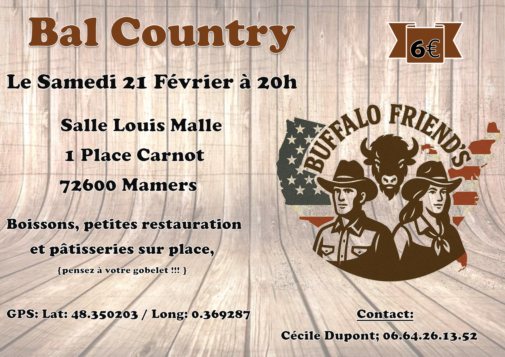 Samedi 21 à 20h : Bal CD organisé par les Buffalo Friend’s à Mamers (72) – Affiche – Playlist –
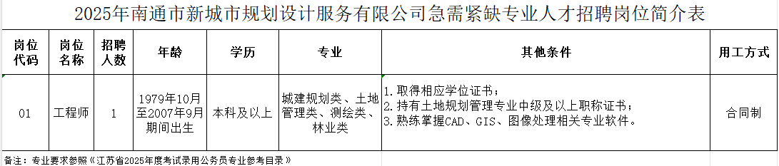 详见《2025年南通市新城市规划设计服务有限公司急需紧缺专业人才招聘岗位简介表》(附件1)。
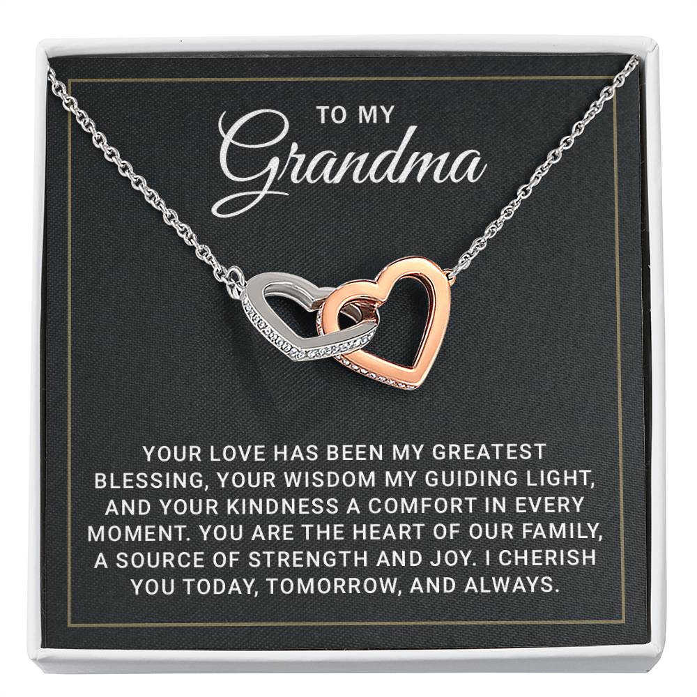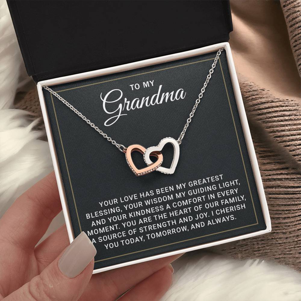 Celebrate the special bond between grandma and granddaughter with this stunning Interlocking Hearts Necklace. Featuring cubic zirconia crystals and a luxurious rose gold or 18k yellow gold finish, this necklace is the perfect gift for Mother’s Day, Christmas, or birthdays. Complete with a message card and gift box, it’s a timeless way to express your love.
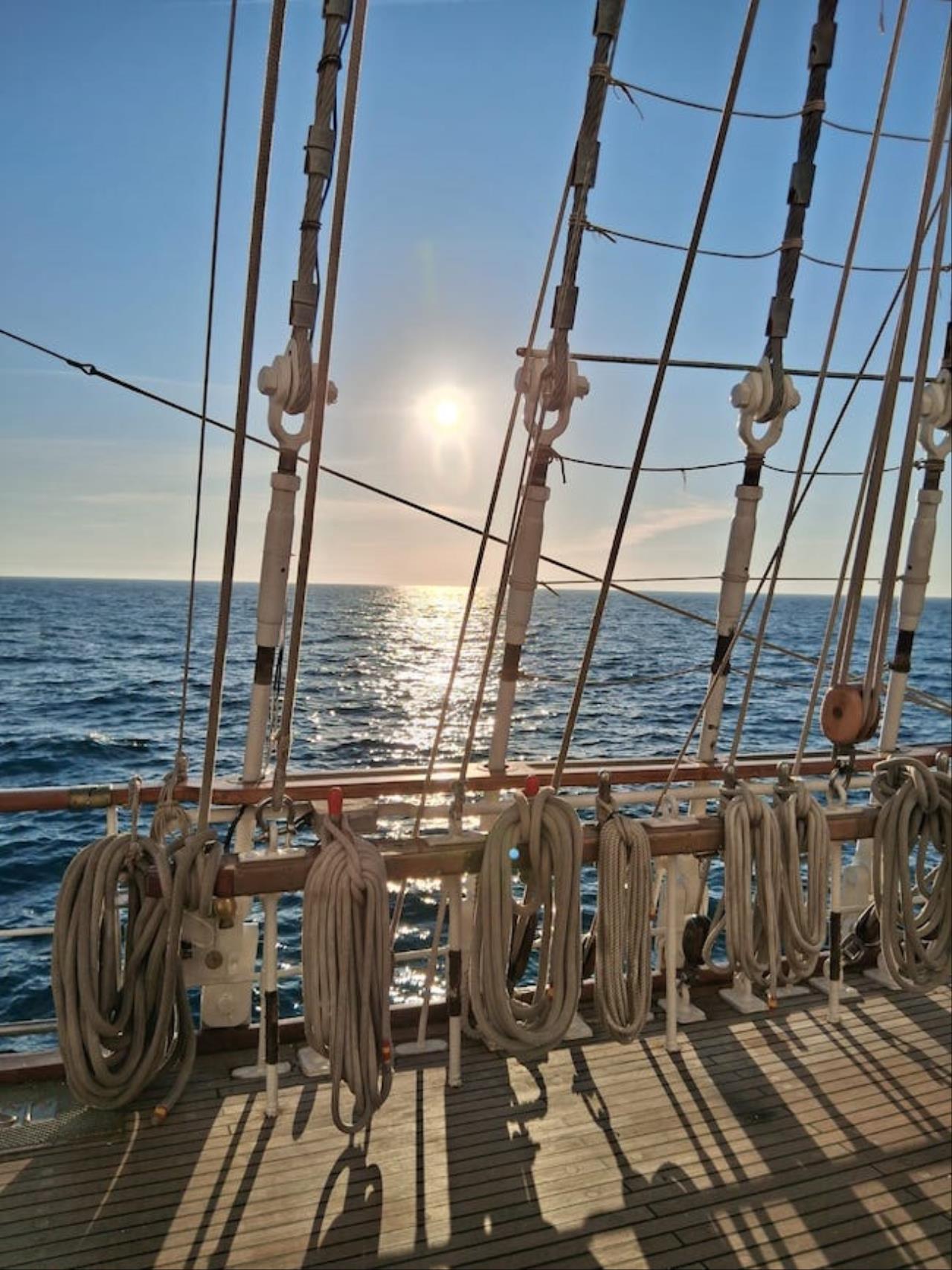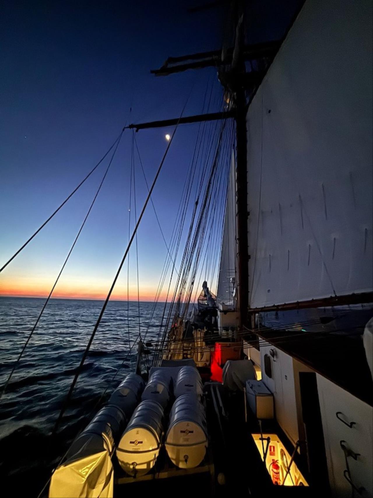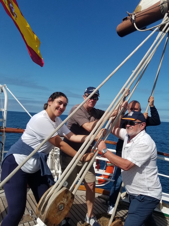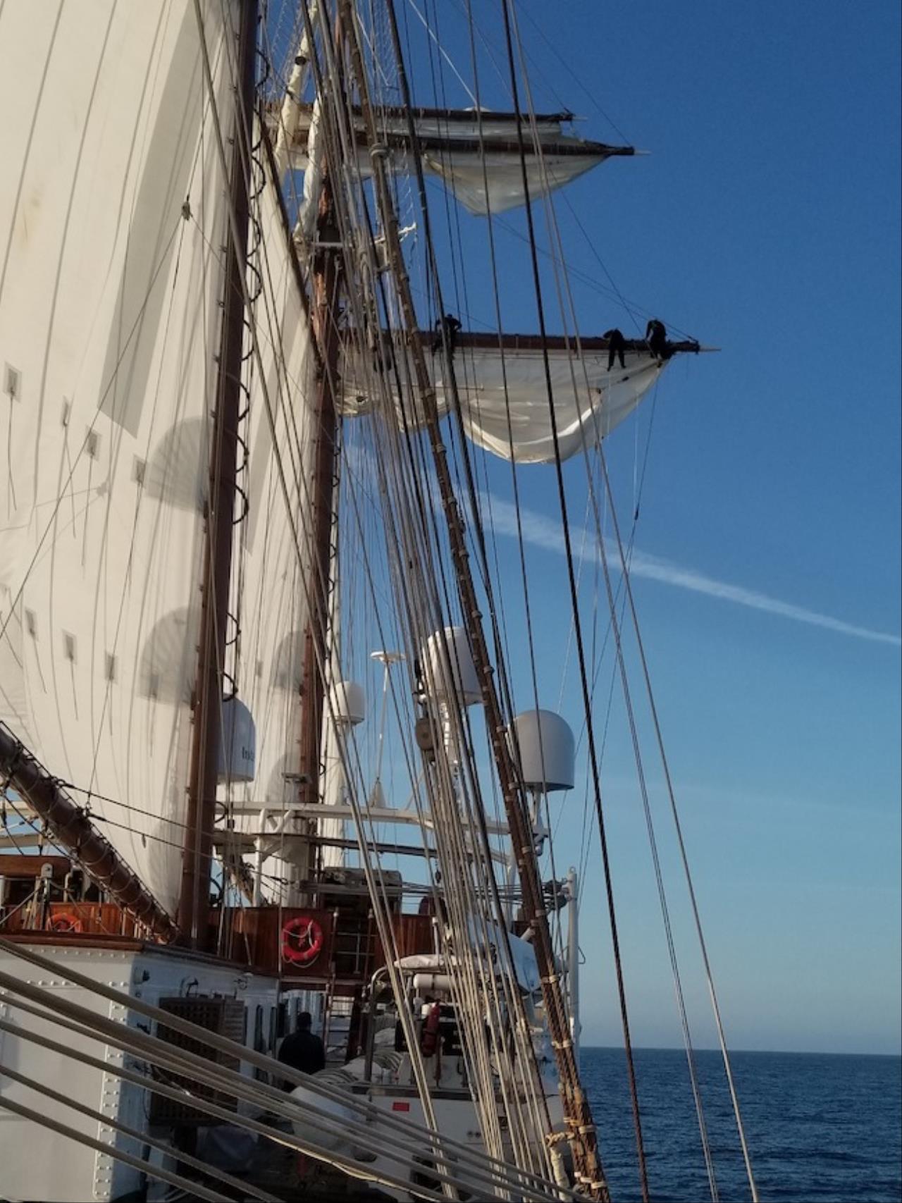 Durante el recorrido, que duro 4 dias, vivimos la experiencia de navegar a vela, participando de todas las duras y difíciles maniobras que conlleva dicha navegación, teniendo en cuenta que el barco está armado con 4 mástiles de 50 m de altura, así como tambien, tuvimos la oportunidad de ser instruidos mediante abundantes conferencias, tanto de navegación a vela, como de meteorología, derrota y vida a bordo.
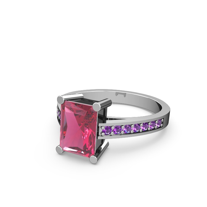 Pembe kuvars ve ametist 14 ayar beyaz altın yüzük
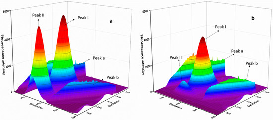 Three-dimensional fluorescence spectra for BSA (a) and BSA-ERL system (b).
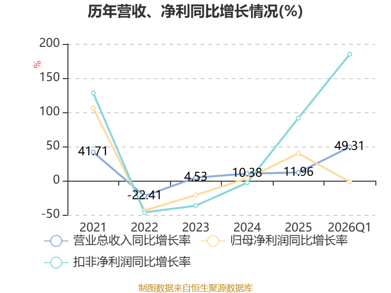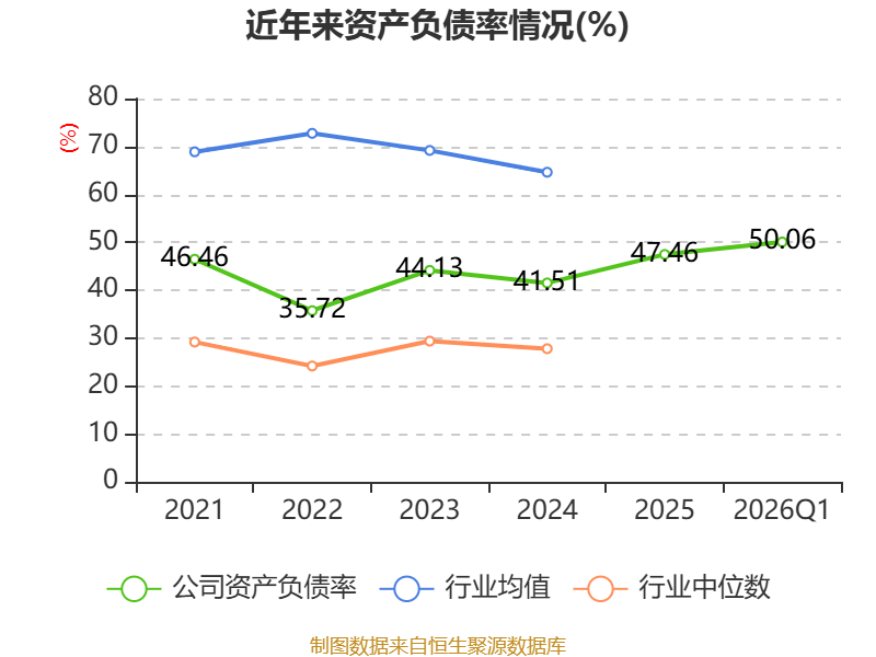负债重大变化方面,截至2026年一季度末,公司一年内到期的非流动负债较上年末减少69.09%,占公司总资产比重下降2.75个百分点;长期借款较上年末增加126.97%,占公司总资产比重上升2.33个百分点;应付票据及应付账款较上年末增加20.41%,占公司总资产比重上升1.87个百分点;其他应付款(含利息和股利)较上年末增加497.36%,占公司总资产比重上升1.76个百分点。

» TASK GOAL
When copying the listing, skip the pictures and keep each line exactly as written.

» REPLY
 Samedi 21 à 20h : Bal CD organisé par les Buffalo Friend’s à Mamers (72) – Affiche – Playlist –
 详见《2025年南通市新城市规划设计服务有限公司急需紧缺专业人才招聘岗位简介表》(附件1)。
 Celebrate the special bond between grandma and granddaughter with this stunning Interlocking Hearts Necklace. Featuring cubic zirconia crystals and a luxurious rose gold or 18k yellow gold finish, this necklace is the perfect gift for Mother’s Day, Christmas, or birthdays. Complete with a message card and gift box, it’s a timeless way to express your love.
 Durante el recorrido, que duro 4 dias, vivimos la experiencia de navegar a vela, participando de todas las duras y difíciles maniobras que conlleva dicha navegación, teniendo en cuenta que el barco está armado con 4 mástiles de 50 m de altura, así como tambien, tuvimos la oportunidad de ser instruidos mediante abundantes conferencias, tanto de navegación a vela, como de meteorología, derrota y vida a bordo.
 Pembe kuvars ve ametist 14 ayar beyaz altın yüzük
 Three-dimensional fluorescence spectra for BSA (a) and BSA-ERL system (b).
负债重大变化方面,截至2026年一季度末,公司一年内到期的非流动负债较上年末减少69.09%,占公司总资产比重下降2.75个百分点;长期借款较上年末增加126.97%,占公司总资产比重上升2.33个百分点;应付票据及应付账款较上年末增加20.41%,占公司总资产比重上升1.87个百分点;其他应付款(含利息和股利)较上年末增加497.36%,占公司总资产比重上升1.76个百分点。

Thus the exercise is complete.